I am trying to get CUDA.jl to work seamlessly with a MutableShiftedArray
.
By writing a CUDASupportExt.jl class:
module CUDASupportExt
using CUDA
using Adapt
using MutableShiftedArrays
indexing CUDA error
# lets do this for the MutableShiftedArray type
Adapt.adapt_structure(to, x::MutableShiftedArray) = MutableShiftedArray(adapt(to, parent(x)), shifts(x), size(x); default=MutableShiftedArrays.default(x));
function Base.Broadcast.BroadcastStyle(::Type{T}) where {CT, N, CD, T<:MutableShiftedArray{<:Any,<:Any,<:Any,<:CuArray{CT,N,CD}}}
CUDA.CuArrayStyle{N,CD}()
end
# Define the BroadcastStyle for SubArray of MutableShiftedArray with CuArray
function Base.Broadcast.BroadcastStyle(::Type{T}) where {CT, N, CD, T<:SubArray{<:Any, <:Any, <:MutableShiftedArray{<:Any,<:Any,<:Any,<:CuArray{CT,N,CD}}}}
CUDA.CuArrayStyle{N,CD}()
end
end
this works in general fine and for a MutableShiftedArray
ma
wrapping a CuArray
you can broadcast: q = ma .+ 1
or even use views: (@view ma[1:4]) .+1
, since the broadcasting mechanism somehow compiles the single element access version of getindex
correctly.
However, this does not seem to be the case for copy(ma)

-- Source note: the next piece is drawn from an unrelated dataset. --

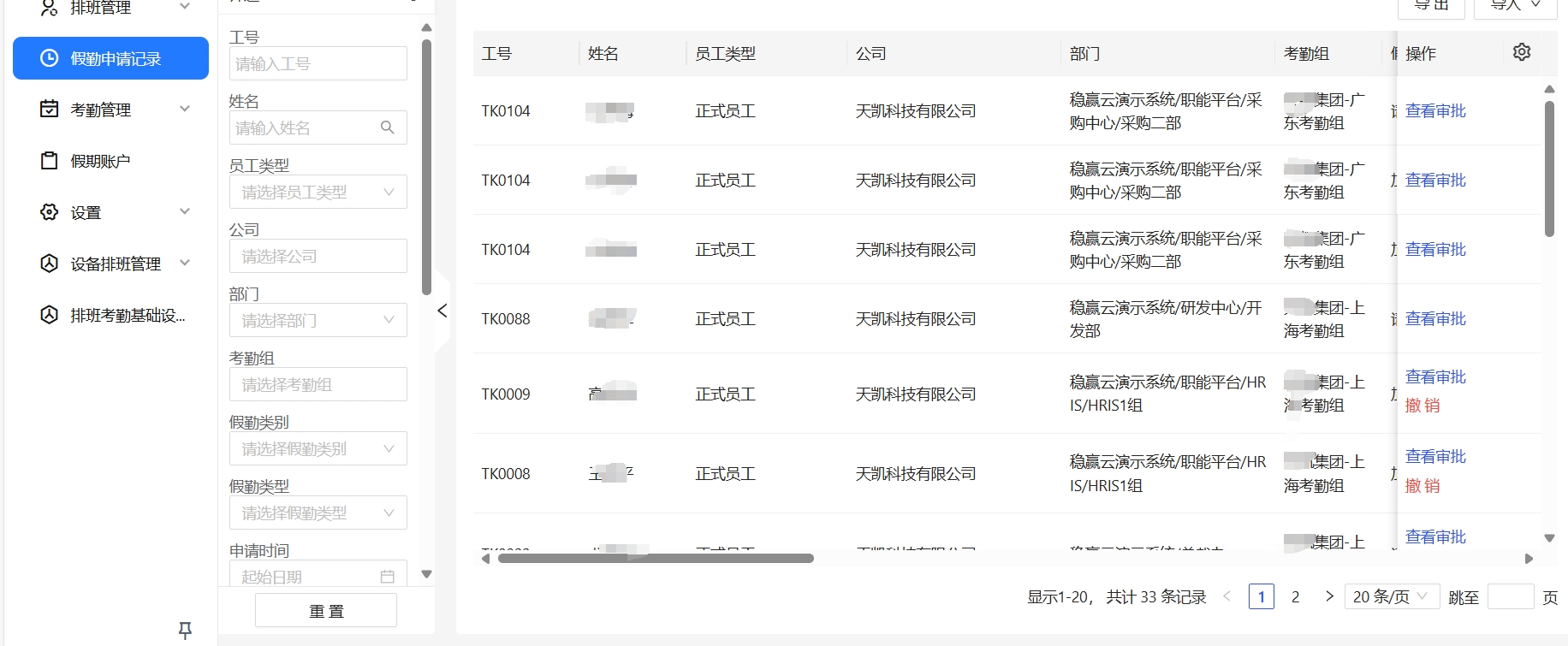 针对企业不同员工的考勤需求,系统支持自定义设置考勤方案,覆盖考勤、加班、请休假、异常处理考勤等假勤全场景,同时,又能够与钉钉、企微考勤机形成数据联动,有效降低数据统计、集成等繁琐工作。此外,系统还支持自动统计员工出勤情况,并生成报表(日报/月报),自定义筛选条件+一键导出出勤报表,避免人工繁琐操作,真正帮助HR/管理层实现快速查看和高效管理。

or subindexing like ma[1:4]
without the view
. One could start specifying copy
and the getindex()
function for Union{Int, AbstractRange}
to handle this, but this sound wrong.
Is there no other way, such that this is not necessary and the broadcasting system can take care of the individual element access as it does in the other broadcast cases?
In the end, single-element accesses are anyway generated, but one does get the warning that this is not handled by CUDA and therefore slow.